26.03.2018 14:59 Uhr

Boateng: Gewachsen auf Beton, entwickelt auf Rasen

Jérôme Botang feiert gegen Brasilien ein Heimspiel
Jérôme Botang feiert gegen Brasilien ein Heimspiel

Am Wochenende tauchte Jérôme Boateng in die vibrierende Szene seiner alten Heimat ein. Nach dem Konzert der US-Hip-Hop-Stars Migos im berühmten "Huxleys" posierte er in Neukölln mit den Künstlern, als wäre er selbst über die Bühne getobt.

"Ich habe immer noch Lust auf Berlin", sagte er im "FAZ"-Interview, "ich bin hier aufgewachsen und zu dem Menschen geworden, der ich bin."

Sein kantiges Konterfei ziert immer noch als überdimensionales Graffito eine Hauswand im Stadtteil Wedding, darüber steht: "Gewachsen auf Beton." Auch das Berliner Idiom ist manchmal noch zu hören, wenn er von "sone Gegner" spricht. Jérôme Boateng verschluckt seine Worte, bevor sie richtig seinen Mund verlassen haben.

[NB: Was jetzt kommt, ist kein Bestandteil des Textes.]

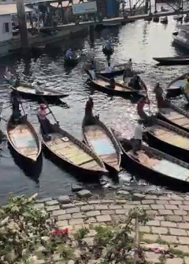 From an elevated perspective, the video displays a harbor scene filled with small boats. These vessels, primarily wooden, are closely packed together, some carrying individuals who are actively rowing. The water reflects sunlight, creating a sparkling effect. Along the edge of the harbor, a stone embankment is visible, partially covered with vegetation. In the background, a pier structure and a larger vessel are discernible, suggesting a bustling waterfront environment.

Doch der Inhalt ist eindeutig, klar, bestimmend. Der Innenverteidiger positioniert sich innerhalb der Weltmeister-Mannschaft als Anführer. "Boss Boateng" nennt ihn der Boulevard - häufig ist der 29-Jährige derjenige, der Missstände und Nachlässigkeiten am kritischsten anspricht.

Nach dem 1:1 (1:1) gegen Spanien beispielsweise arbeitete er leise und ohne Mienenspiel eine lange Liste weltmeisterlicher Unzulänglichkeiten ab. "Wir wollen im Sommer erfolgreich sein, da müssen wir solche Dinge ganz klar ansprechen", erklärte er am Montag während der Pressekonferenz: "Das ist besser, als sie verstreichen zu lassen, und dann gucken wir uns alle blöd an, wenn es drauf ankommt."

Kindheitstraum geht in Erfüllung

Er blickte dabei ungerührt durch seine Rundbrille mit goldenem Rand, die Ohrstecker funkelten. An ihm ist wahrlich ein Hip-Hopper verlorengegangen. Andererseits war er bei der Berlinale mit Frack und Fliege geschniegelt, als wollte er sich seinen Oscar abholen. Boateng kann viele Rollen spielen - stets im perfekten Dress.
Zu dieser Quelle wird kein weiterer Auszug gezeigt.